Sara did a super fun SALVAGE review in gif form a few months ago that convinced me to read it ... but once I had, I wanted to add my own recommendation! (Plus, Alexandra Duncan is a debut author, and we love promoting first novels!)
To address the three superficial things that might make people hesitate to pick this one up:
1. The cover: Personally, my thoughts were — pretty colors, but OMG PASSIVELY POSED GIRL IN A DRESS. If you like the cover, read the book. If you don't like the cover ... read the book.
2. The commitment: This is a BIG book. But it's a stand-alone, so huge thumbs up from me. And the scope is epic, so I think the length is warranted.
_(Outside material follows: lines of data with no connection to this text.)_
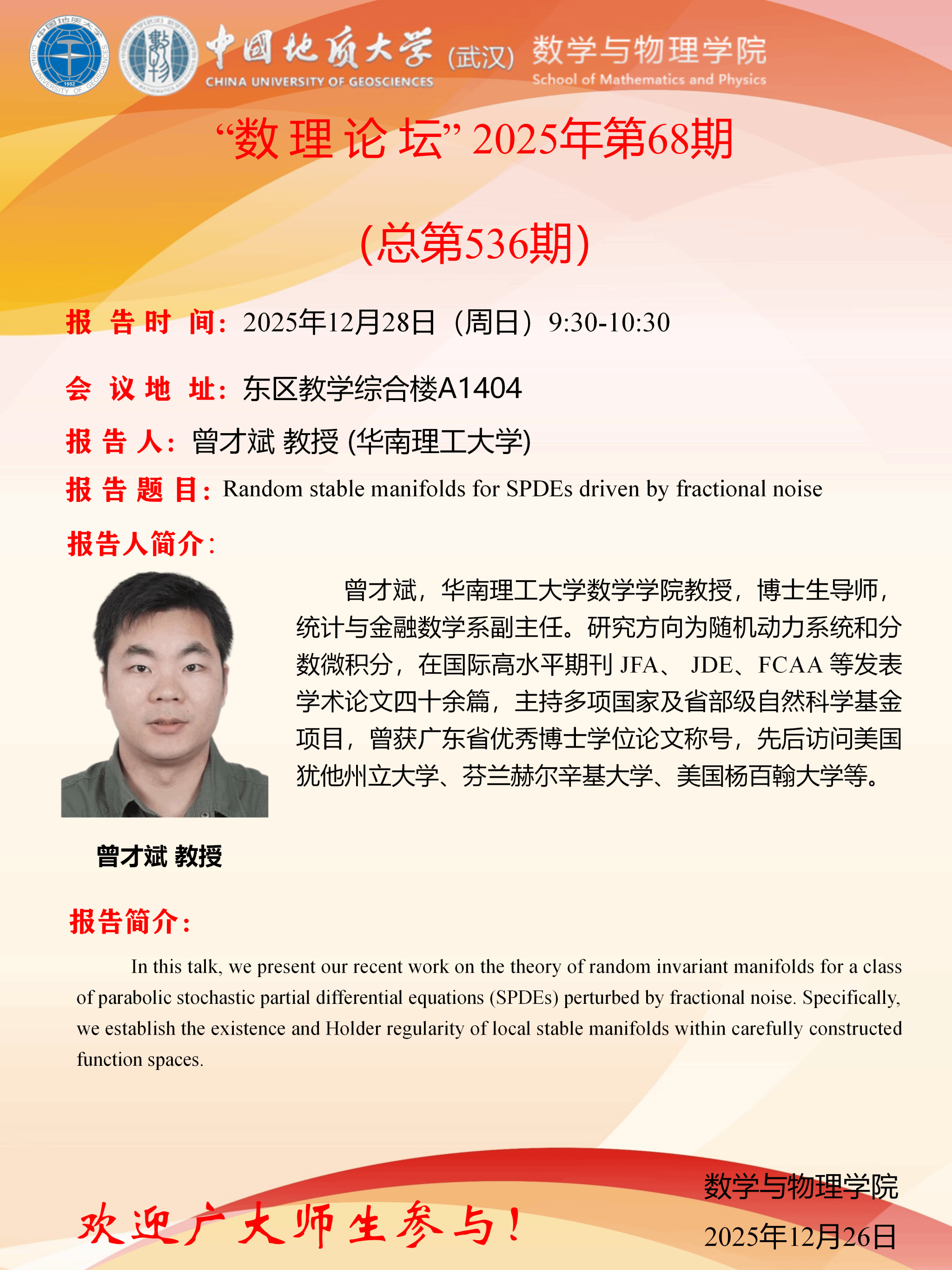 2025年12月28日曾才斌教授学术讲座:Random stable manifolds for SPDEs driven by fractional noise
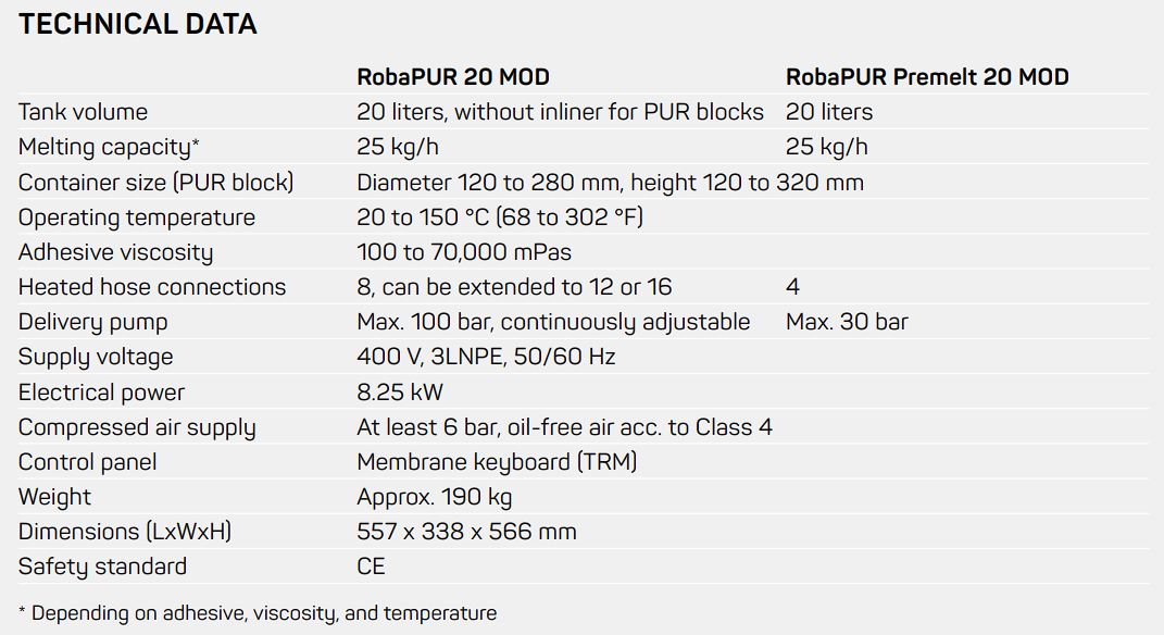The RobaPUR 20 MOD melter is suitable for melting and delivering of reactive PUR adhesives in 20 kg containers. The gentle and consumption-dependent melting protects the adhesive properties even after extended interruptions. A premelter variant is also available for filling adhesive pots.
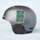 This vinyl sticker has an intricate Celtic knot design with four red dragon heads with twisted loops in jewel tone colours of greens, blues and red with a black background.
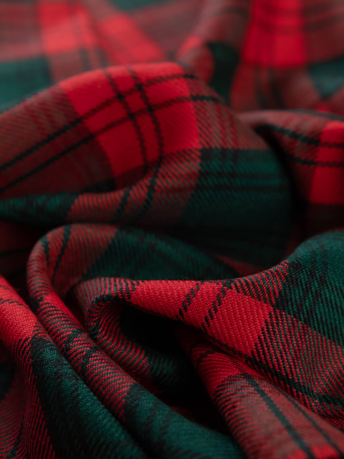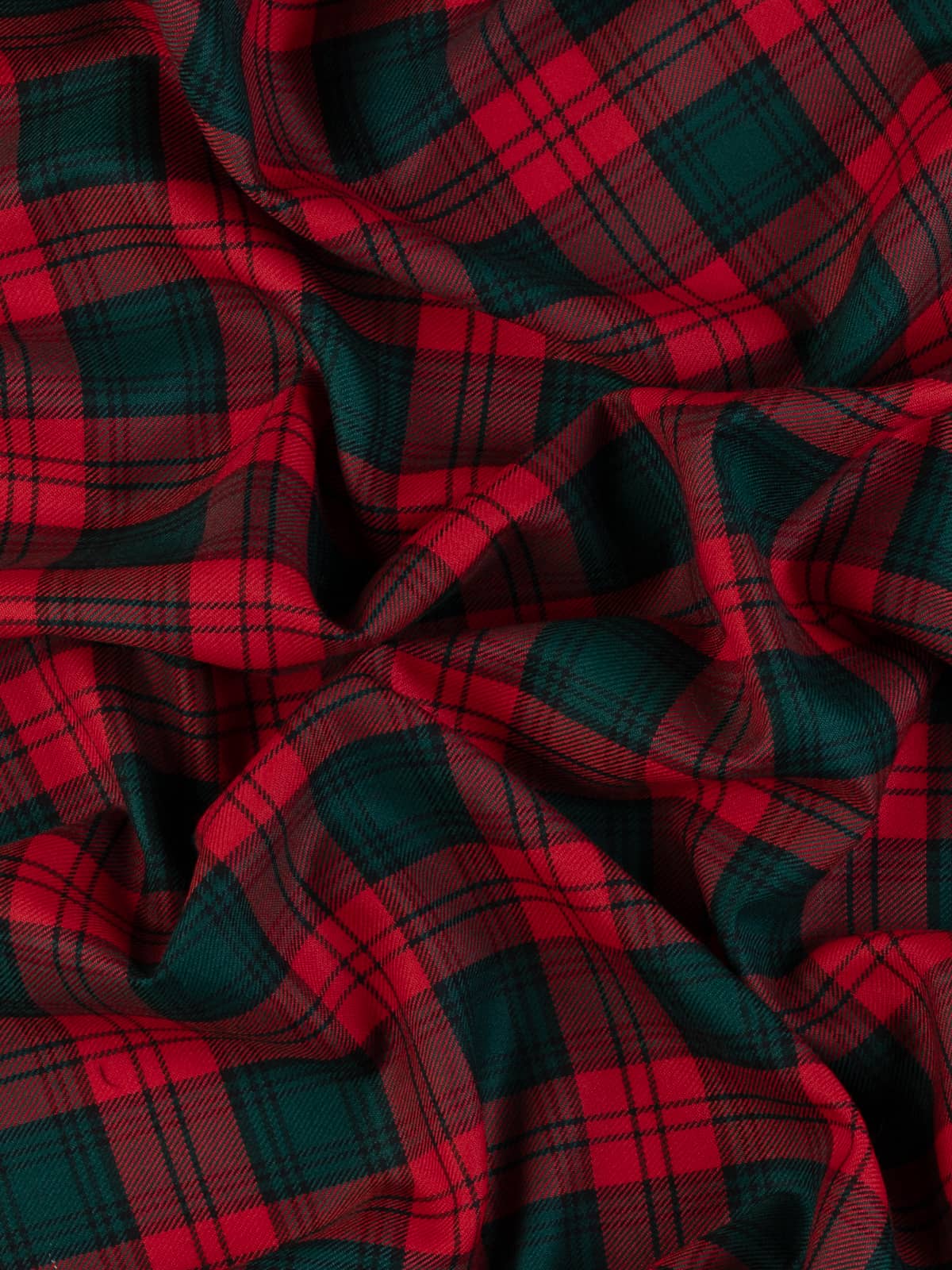 Shades: A vivid modern palette dominated by bright scarlet red, creating an energetic and high‑contrast foundation. This bold red is paired with deep bottle green and midnight navy, both of which appear in smaller proportions to give the pattern depth without dimming its brightness. Fine black lines reinforce the darker tones, while the interplay of saturated reds and greens keeps the tartan crisp and lively.

3. The lingo: Especially in the first pages, it's a little tough to get used to the jargon in the dialogue that's specific to Ava's world. It'll start making sense soon; just keep going!
And now for the rest:
I love novels in which the main character goes through a major transition. In the beginning of SALVAGE, Ava has never left the confines of the merchant ship Parastrata and its male-dominated polygamist society. She's a haughty girl with a position of respect, and she doesn't know that she should want more from life than physical labor and becoming one of a man's many wives whose main function is to make babies. But her desire for knowledge to learn "fixes" (mechanical skills to fix machinery) hints at the person she could be.
Then Ava makes an impulsive, naive decision ... which is also an epic mistake in her unforgiving society, and to escape death, she flees to Earth — a post-climate-change planet of storms and garbage. She barely survives adjusting to the forces of gravity, and then she must survive the unknown.
Here, her world is expanded. First in Gyre (as the book description says, it's a floating continent of garbage and scrap in the Pacific Ocean), and later in Mumbai, Ava is confronted with a world that doesn't limit her potential, so she has to renegotiate who she is and who she imagines herself becoming. It's the ultimate culture shock, as she discovers how ignorant she was kept on Parastrata.
The supporting characters are so richly imagined, complex, and diverse — but I'm afraid I'll spoil some things if I describe them. But they were all imperfect and multi-dimensional, and I loved how their relationships with Ava develop.
One example is Miyole, a young girl Ava meets. In many ways, Ava is a mother or older sister figure for Miyole, literally ensuring her survival, but Miyole is self-educated and extremely intelligent, so she's teaching Ava reading and math. And Ava has these moments where she's incredibly proud of Miyole, but she can't help but be jealous of how much Miyole knows and how easily learning comes to her. Such a beautiful, complicated relationship!
The romance question — yes, a romance does develop, but no, there's no love triangle, because interest in two people does NOT a love triangle make! Interest in two people is totally normal, and in SALVAGE it works wonderfully, because one represents the best of the world she left, and one represents the new world she's come to know ... and neither overwhelm the story.
Going into the book, I had no idea if it was the beginning of a series, and as I approached the ending, I almost starting cringing inside, because I saw two paths emerge — one that would lead to a cliffhanger and sequel, and one that would lead to the end of Ava's story. I was so, so happy that Duncan chose to keep this a stand-alone, but I'd be very happy to read companion novels with different characters in the same world, because there's so much potential for this world!
And I'm going to throw a FIREFLY comparison in here, since I haven't seen one yet — between the unusual jargon, diverse societies both on planet and in space (with a dystopian blend of the past and future), and merchant spaceships, I definitely felt a hint or two of the FIREFLY world.